2 Lost Legacy

Home > Mystery > 2 Lost Legacy > Page 24
2 Lost Legacy Page 24

by Annette Dashofy


  “Oh, for heaven’s sake, Zoe. Just because you live on a farm doesn’t mean you have to eat like a pig.”

  At least she had her mother’s attention. “And just because you’re on the verge of going to jail doesn’t mean you have to live on bread and water. Eat.”

  Kimberly huffed but leaned forward and inspected the contents of the plate in front of her. She picked up the slice, handling it as if her nail polish was still wet.

  Zoe waited until her mother had taken a couple of bites and visibly relaxed before breaking the silence. “Why didn’t you say anything about Tom flying in three days ahead of you?”

  Kimberly chewed slowly. Swallowed. “You never asked.”

  Zoe glared at her. “Don’t be a smartass, Mother.”

  “Watch your mouth.” Kimberly turned her attention back to her pizza. “I had commitments at the end of the week and couldn’t take time away until Saturday. Tom was eager to see you, so he left early.”

  “But Tom didn’t come see me. I never saw him until you both showed up. Together.”

  Kimberly sighed dramatically. “True. When he picked me up at the airport, he told me he’d run into some old friends and ended up spending time with them instead of you. He felt so bad. We decided not to say anything because we knew your feelings would be hurt.”

  Zoe choked out a short laugh. “That’s a switch. You never worried about my feelings before.”

  Kimberly flung the slice of pizza down onto the plate. “This is why we never should have come here. You take such pleasure in playing the poor wounded little girl. Well, grow up, Zoe. Believe it or not, Tom and I really do worry about you.”

  Zoe let her slice drop as well, her appetite gone. “All right. What about after you learned of James Engle’s death. Didn’t you wonder about Tom then?”

  “No. Heavens, no. You can’t possibly believe Tom had anything to do with that, do you?”

  Zoe leaned back in the chair crossing her arms. “Think about it, Mom.”

  “I don’t have to. Tom did not kill Jim Engle.”

  From inside Zoe’s pocket, her phone buzzed. She ignored it. “Okay. What friends did he run into and spend time with when he got here?”

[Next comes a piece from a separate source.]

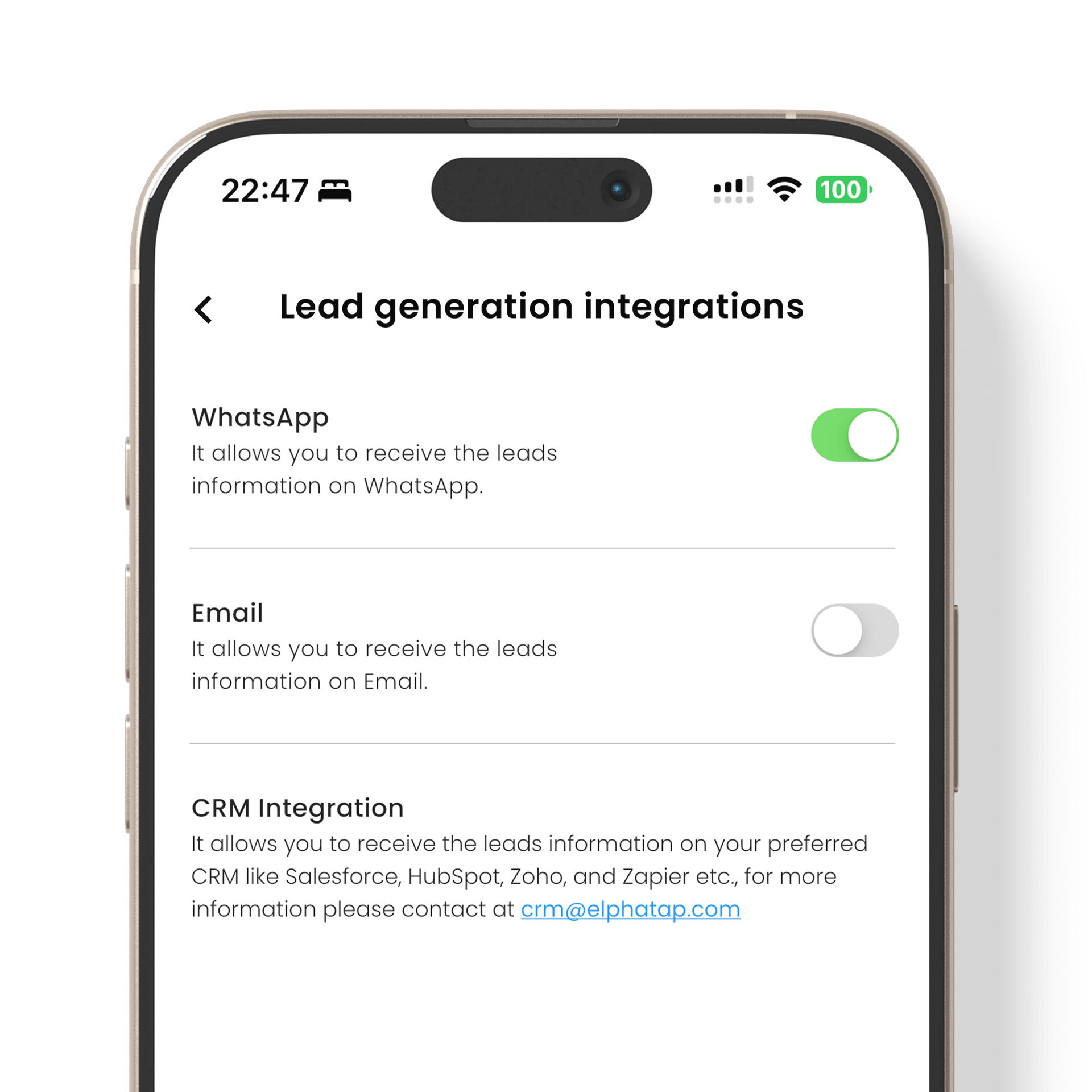 يزامن جهات الاتصال والعملاء المحتملين والمتابعات مباشرة مع واتساب والبريد الإلكتروني. حافظ على التوافق التام مع أهداف المبيعات الخاصة بك وسهل سير عملك.

  Kimberly shifted in her chair and took another look at her plate, pushing what was left of the pizza around in a small circle. “I don’t know.”

  “Did you ask?”

  “No. I don’t care who he spends time with.”

  Zoe considered reaching over and giving her mother a shake. Was she really so naive? “You don’t care? Really? What if the friend was a woman?”

  Kimberly turned to Zoe with a raised hand. For a fleeting moment Zoe believed her mother was going to slap her. But Kimberly must have reconsidered. She sat taller in her chair. “Tom loves me. I trust him implicitly. He wouldn’t cheat on me. And he sure as hell wouldn’t kill anyone. Ever. I’m ashamed of you for even suggesting such a thing.” She shoved the plate and the half-eaten pizza at Zoe. “Take your damned peace offering or bribe or whatever it is and get away from me.”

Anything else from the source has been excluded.